简体   繁体   中英

Spark dataframe from Json string with nested key

I have several columns to be extracted from json string. However one field has nested values. Not sure how to deal with that?

Need to explode into multiple rows to get values of field name, Value1, Value2.

import spark.implicits._

val df = Seq(
  ("1", """{"k": "foo", "v": 1.0}""", "some_other_field_1"),
  ("2", """{"p": "bar", "q": 3.0}""", "some_other_field_2"),
  ("3",
    """{"nestedKey":[ {"field name":"name1","Value1":false,"Value2":true},
      |                 {"field name":"name2","Value1":"100","Value2":"200"}
      |]}""".stripMargin, "some_other_field_3")

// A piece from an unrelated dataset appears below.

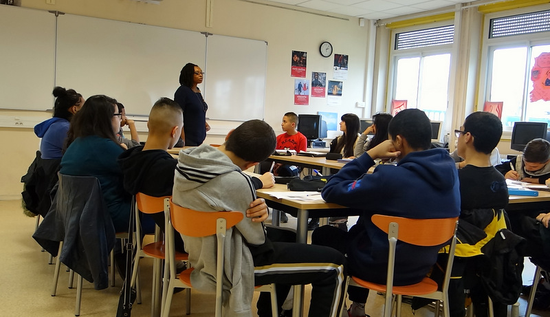 Elle a rencontré tous les élèves et les échanges furent très riches, nourris d’une vraie curiosité les uns pour les autres, et la perspective de la découverte de textes qui ne se dévoileront à tous qu’en fin de projet.

).toDF("id","json","other")

df.show(truncate = false)
val df1= df.withColumn("id1",col("id"))
  .withColumn("other1",col("other"))
  .withColumn("k",get_json_object(col("json"),"$.k"))
  .withColumn("v",get_json_object(col("json"),"$.v"))
  .withColumn("p",get_json_object(col("json"),"$.p"))
  .withColumn("q",get_json_object(col("json"),"$.q"))
  .withColumn("nestedKey",get_json_object(col("json"),"$.nestedKey"))
    .select("id1","other1","k","v","p","q","nestedKey")
df1.show(truncate = false)

You can parse the nestedKey using from_json and explode it:

val df2 = df1.withColumn(
    "nestedKey", 
    expr("explode_outer(from_json(nestedKey, 'array<struct<`field name`:string, Value1:string, Value2:string>>'))")
).select("*", "nestedKey.*").drop("nestedKey")

df2.show
+---+------------------+----+----+----+----+----------+------+------+
|id1|            other1|   k|   v|   p|   q|field name|Value1|Value2|
+---+------------------+----+----+----+----+----------+------+------+
|  1|some_other_field_1| foo| 1.0|null|null|      null|  null|  null|
|  2|some_other_field_2|null|null| bar| 3.0|      null|  null|  null|
|  3|some_other_field_3|null|null|null|null|     name1| false|  true|
|  3|some_other_field_3|null|null|null|null|     name2|   100|   200|
+---+------------------+----+----+----+----+----------+------+------+

i did it in one dataframe

 val df1= df.withColumn("id1",col("id"))
    .withColumn("other1",col("other"))
    .withColumn("k",get_json_object(col("json"),"$.k"))
    .withColumn("v",get_json_object(col("json"),"$.v"))
    .withColumn("p",get_json_object(col("json"),"$.p"))
    .withColumn("q",get_json_object(col("json"),"$.q"))
    .withColumn("nestedKey",get_json_object(col("json"),"$.nestedKey"))
  .withColumn(
    "nestedKey",
    expr("explode_outer(from_json(nestedKey, 'array<struct<`field name`:string, Value1:string, Value2:string>>'))")
  ).withColumn("fieldname",col("nestedKey.field name"))
    .withColumn("valueone",col("nestedKey.Value1"))
    .withColumn("valuetwo",col("nestedKey.Value2"))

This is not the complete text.